It is not only important to understand what data each generator is creating but also how this data is shared among the companies participating in the value chain. Figure 1 shows the expected data flows between data generators for the ride-hailing and ridesharing use cases. With the exception of consumers who only generate data, the other entities participating in this value chain have the opportunity to collect and exploit for their own benefit data that is generated by their partners. As we are also starting to see, in addition to automobile fleets, the fleet operator offering ride services may also own and/or have access to fleets of other vehicle types. For example, Uber now owns Jump that operates fleets of dockless bicycles, and recently invested in and is partnering with Lime, a company that operates escooter fleets. Didi and Lyft are following a similar path towards multimodal transportation.
A number of different models for operationalizing ride services using autonomous vehicles will emerge across the Fleet-Based On-Demand Shared Mobility Value Chain. Each model offers data generators the opportunity to combine the data they create with data they receive from their partners and analyze the resulting databases using AI. For example, Figure 2 depicts the model that will be employed by GM’s Cruise division to offer ride services using autonomous vehicles. In addition to manufacturing these vehicles and transferring them from the Chevrolet division to the Cruise division, GM will be a platform provider since they are developing both an AV Operating Platform and a UX Platform, fleet operator, and fleet manager. This means that GM will have direct access to consumer data, vehicle performance data, various types of trip-related data (including video from inside and outside the vehicle), individual vehicle and fleet wide maintenance records, and even digital services-related data (in addition to its OnStar service, GM will offer Passenger Commerce). Under the right partnership agreements, GM will also be able to access data from its government and digital services partners.
Using a different model (shown in blue in Figure 3 below) Waymo will be platform provider, since they are developing both an AV Operating Platform and a UX Platform, fleet operator of the 62,000 Pacifica minivans, and 20,000 i-Pace SUVs they have ordered directly from their OEMs, and digital services provider (YouTube, Waze), but not fleet manager (they are partnering with AutoNation and Avis). In addition to the data it generates Waymo will also be able to benefit from all the additional consumer data its parent Alphabet has been collecting through its other businesses. Finally, Waymo will be able to access the data generated by its OEM, fleet management, digital services, and government partners.
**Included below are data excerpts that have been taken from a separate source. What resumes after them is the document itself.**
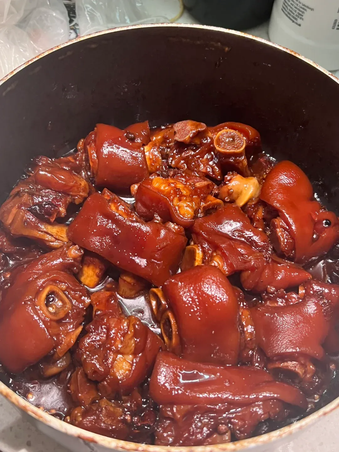 邓城猪蹄是周口地区的传统名吃,以当地特产猪蹄配以十余种中药材卤制而成,色泽红亮,皮筋软糯,肉质鲜嫩,具有滋补养颜的功效。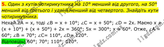 5. Один з кутів чотирикутника на 10° менший від другого, на 50° менший від третього і удвічі менший від четвертого. Знайдіть кути чотирикутника. Нехай ∠A = х, тоді ∠B = х + 10°; ∠C = х + 50°; ∠D = 2х. Маємо х + (х + 10°) + (х + 50°) + 2х = 360°; 5х = 300°; х = 60°. Отже, ∠A = 60°; ∠B = 70°; ∠C= 110°, ∠D= 120°. Відповідь: 60°; 70°; 110°; 120°.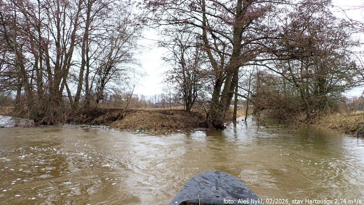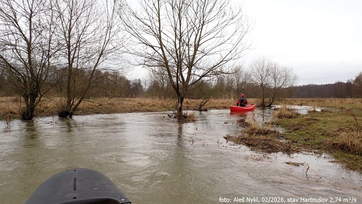 Začali jsme na Plesné. Na této říčce jsme byli už před dvěma lety. Tenkrát jsme si dali jen poslední cca 3 km úsek do Ohře a řekli si, že se rozhodně chceme vrátit. Dnes jsme na vodu vyrazili v Milhostově, cca uprostřed NPP Bublák a niva Plesné. Vodočet v Hartoušově ukazuje 2,74 m³/s. Koryto je plné, místy se voda lehce rozlévá do okolních luk.

Uber will utilize a slightly different model from Waymo’s. Based on this model (shown in green in Figure 4), Uber will be an operator of multimodal transportation fleets that will include at least 24,000 Volvo SUVs they have ordered directly from the OEM, dockless bikes, and escooters, and potentially a platform provider (they are developing their own AV Operating Platform and UX Platform while also considering using Waymo’s AV Operating Platform). Similar to Waymo, Uber will augment the data generated by its ride services with the big data they have been collecting under the ride services they offer today. The company will also have access to data generated by its OEM, (platform provider?), fleet management, digital services, and government partners.
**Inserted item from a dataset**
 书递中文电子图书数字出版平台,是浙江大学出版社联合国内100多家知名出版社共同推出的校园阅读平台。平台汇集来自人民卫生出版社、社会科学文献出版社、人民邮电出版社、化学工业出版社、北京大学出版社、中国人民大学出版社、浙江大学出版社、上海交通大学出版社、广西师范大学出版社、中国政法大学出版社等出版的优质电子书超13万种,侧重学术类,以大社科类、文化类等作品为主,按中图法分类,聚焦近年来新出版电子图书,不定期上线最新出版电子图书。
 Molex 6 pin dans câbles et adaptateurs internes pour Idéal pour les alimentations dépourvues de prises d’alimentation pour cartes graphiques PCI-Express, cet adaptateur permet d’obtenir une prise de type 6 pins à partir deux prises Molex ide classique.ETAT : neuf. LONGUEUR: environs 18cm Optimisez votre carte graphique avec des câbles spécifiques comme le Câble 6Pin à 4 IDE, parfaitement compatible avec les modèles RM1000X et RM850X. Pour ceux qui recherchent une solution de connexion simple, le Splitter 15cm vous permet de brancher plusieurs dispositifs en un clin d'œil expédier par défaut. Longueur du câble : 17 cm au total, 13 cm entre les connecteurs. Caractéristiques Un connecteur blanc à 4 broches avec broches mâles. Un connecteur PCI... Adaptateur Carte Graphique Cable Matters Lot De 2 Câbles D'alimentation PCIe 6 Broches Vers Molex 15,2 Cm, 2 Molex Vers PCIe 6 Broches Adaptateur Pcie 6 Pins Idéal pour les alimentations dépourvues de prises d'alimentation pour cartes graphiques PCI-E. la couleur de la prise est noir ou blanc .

An example showcasing the data’s implications
To better understand the implications of collecting, combining, and analyzing ride services-related data, consider the following example. In exchange for an annual subscription to its multimodal transportation service, a fleet operator offers to consumers a daily transportation plan that uses its on-demand mobility services. The transportation plan is offered for free. The consumer is only charged for the utilized transportation according to a selected tier of service. During the sign up process the subscriber provides: a) personal data, including health-related information (used in order to determine, for example, whether bicycle or scooter transportation may be viable options for the consumer, or whether special vehicles will be needed as would be the case for a handicapped person), b) transportation preferences from those available in the selected tier of service, etc., and c) calendar access. The fleet operator also records a) video, audio, and passenger-specific biometric data from the vehicle’s cabin during every trip (most limo services and taxis in the US already collect video and audio data), b) all the data captured by the vehicle’s outward-facing sensors (data from and about other vehicles, the transportation infrastructure, pedestrians, cyclists, etc.), and c) the V2X communication data during every trip.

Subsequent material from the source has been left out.